Makna Setia Anggota Dewan bagi Pemilih
*Lindo Karsyah
Namun, yang menarik adalah makna setia yang dimaksud oleh Prof. Saldi berbeda benar dengan apa yang dijiwai oleh pemilih. Bagi pemilih setia itu bukan seberapa sering anggota dewan mengunjungi mereka. Bukan seberapa hebat anggota dewan itu memperjuangkan aspirasi mereka.
Setia itu maknanya transaksional bagi pemilih. Makanya tak heran, menjelang pemilihan legislatif banyak spanduk bermunculan yang isinya siap menerima serangan fajar. Siap memberikan suara kalau ada uang yang diterima orang per orang. Siap mencoblos yang bersangkutan sebanyak uang yang disepakati sesuai harga satu suara.

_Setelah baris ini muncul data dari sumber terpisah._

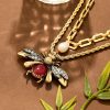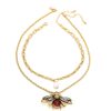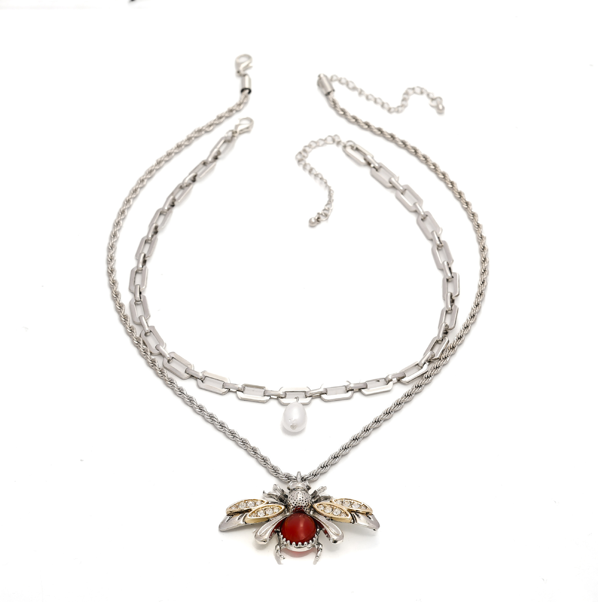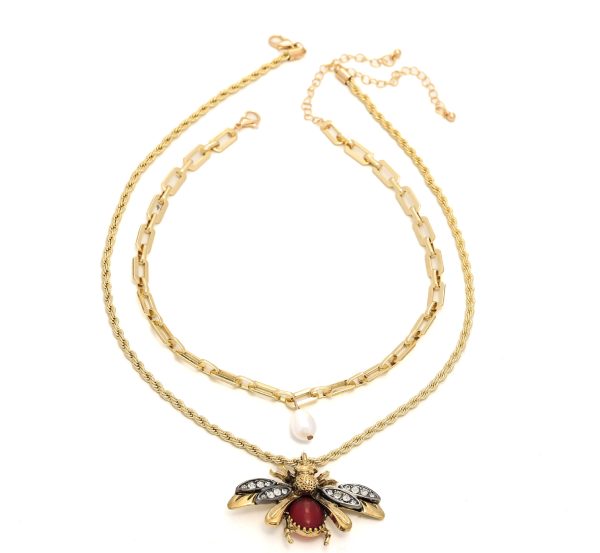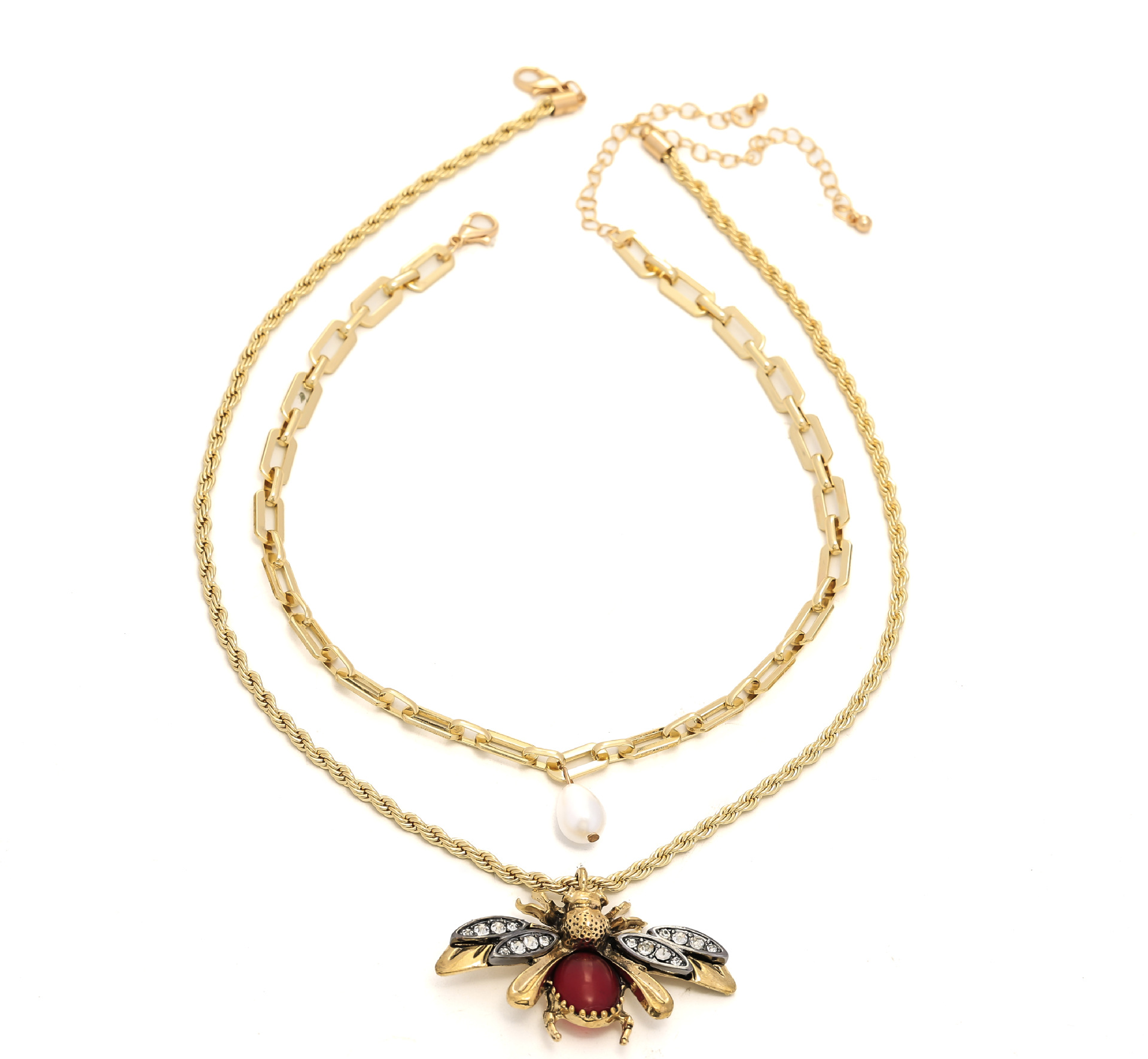 Laotlon Gold Bee Pearl Pendant Double Layered Chain Jewelry
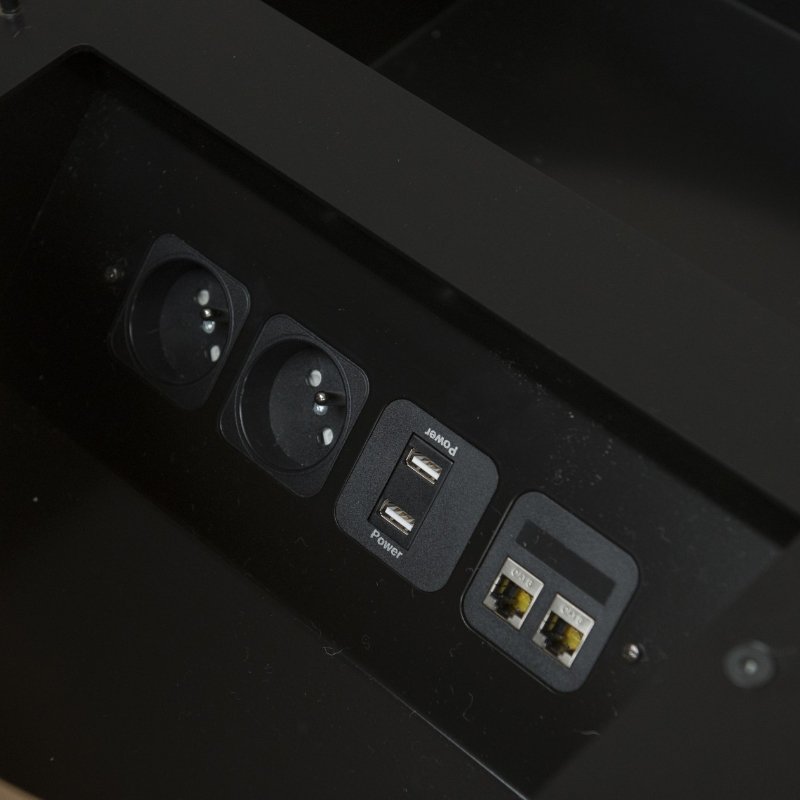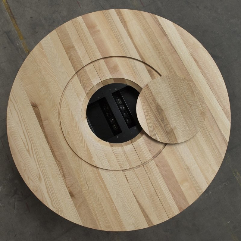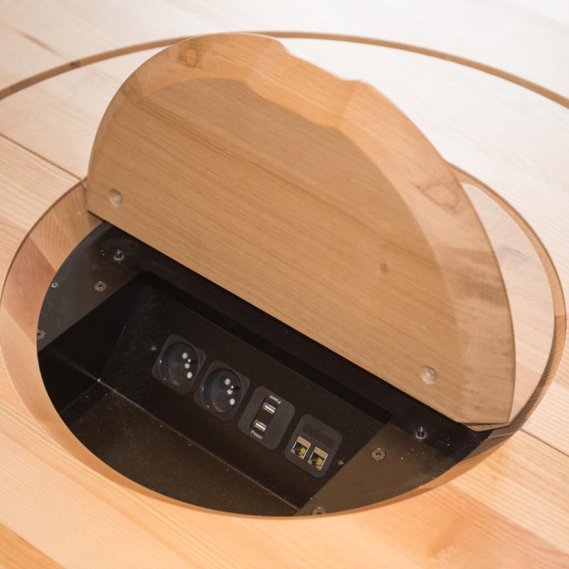 De ronde tafel is leverbaar in diverse uitvoeringen. Zo is er mogelijkheid voor kabeldoorvoer waarbij u een 'deksel' van het tafelblad kan verwijderen of via een scharnier in het midden van de tafel kabels kunt doorvoeren. Zo houdt u uw mobiele apparaten bij de hand terwijl ze worden opgeladen.
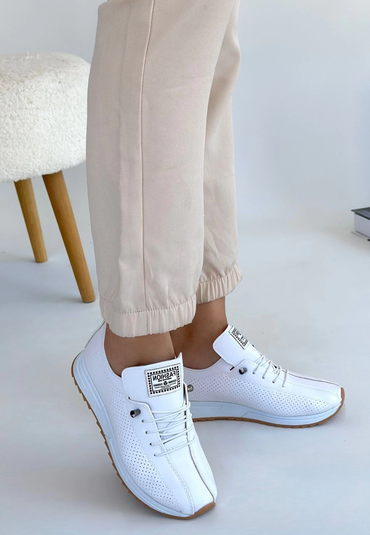 Fiert Beyaz Cilt Bağcıklı Spor Ayakkabı
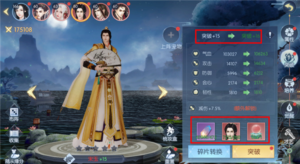 单个角色前三次突破只需要消耗突破石,但第四次突破开始,则需要同时消耗突破石和同名角色碎片。从第16次突破开始,还需另外消耗五灵丹。突破石的获取途径较为多样,在六部试炼、随从传记、寻宝、道具商店、成就等玩法中都能获取;随从碎片主要在浮生阁、随从商店中获取;五灵丹则主要通过运营活动获取。
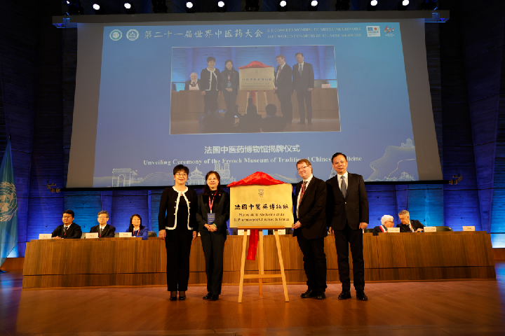 开幕式上,还举行了法国中医药博物馆揭牌仪式及中华老字号中医药海外文化中心(法国)揭牌仪式。
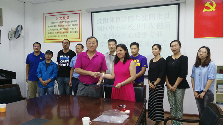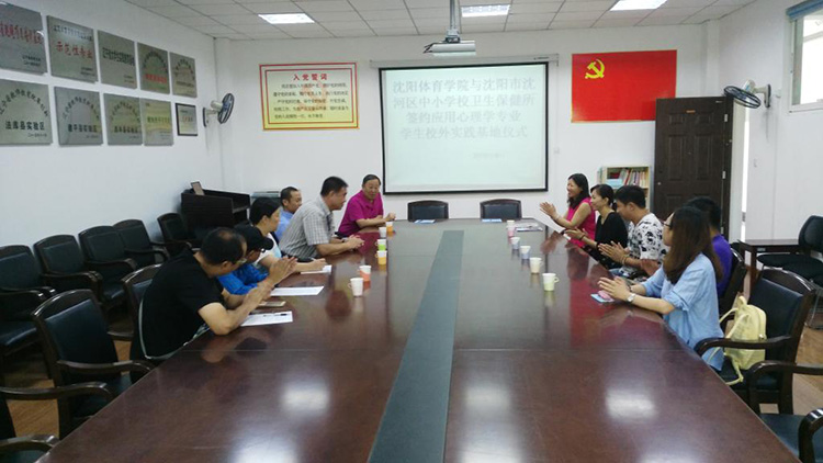 2016年8月29日上午10点,36365最新线路检测中心与沈阳市沈河区中小学校卫生保健所就学生校外实习基地建设达成共识,在36365最新线路检测中心田径馆二楼会议室举行了签约及授牌仪式。副院长李杰凯教授,36365最新线路检测中心院长王新坤教授及班子成员,心理学教研室主任孙拥军博士、副主任段再复老师,沈阳市沈河区中小学校卫生保健所所长刘洁、后勤主任崔明远、心理健康教育学科教研员应丽丽以及辽宁日报记着朱才威、沈阳日报记着马骋出席了签约仪式。
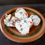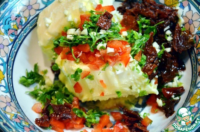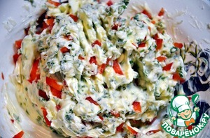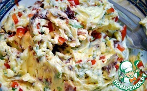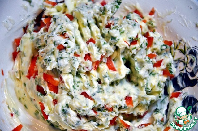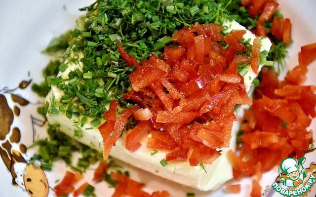 • Начинка три: смешиваем мелко нарезанный красный сладкий перец (1/4 часть), мелко нарезанные вяленые томаты, укроп, петрушку, чеснок.
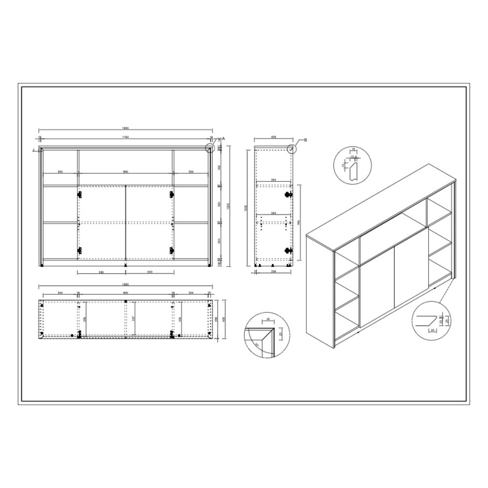 Dimensions: 1800mm W x 400mm D x 1250mm H.
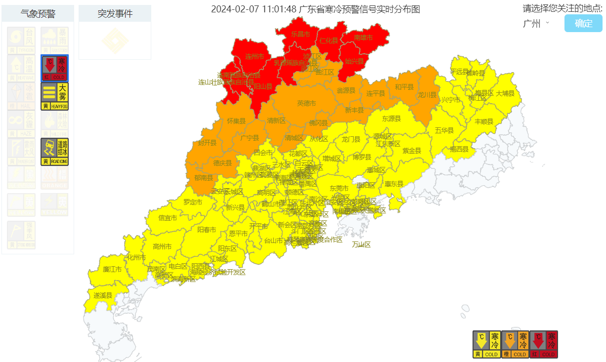 随着冷空气进入广东,全省各地开始出现明显降温,粤北北部已启动10个最高级别的寒冷红色预警。

Jika saat penghitungan atau rekap suara, nilai uang tidak sama dengan jumlah suara, selisihnya siap dikembalikan. Begitu benar kental atmosfir transaksionalnya.
Seberapa pun pendidikan pemilih dilakukan, tetap jua belum mengikis spirit jual beli suara. Kendati dikatakan, betapa murah suara pemilih dibeli politisi. Malah lebih murah dari sebatang rokok. Nilai uang yang diterima dibagi dengan jumlah hari selama lima tahun. Maka nominalnya lebih sedikit dari Rp 50,- jika uang diterima pemilih Rp 100 ribu.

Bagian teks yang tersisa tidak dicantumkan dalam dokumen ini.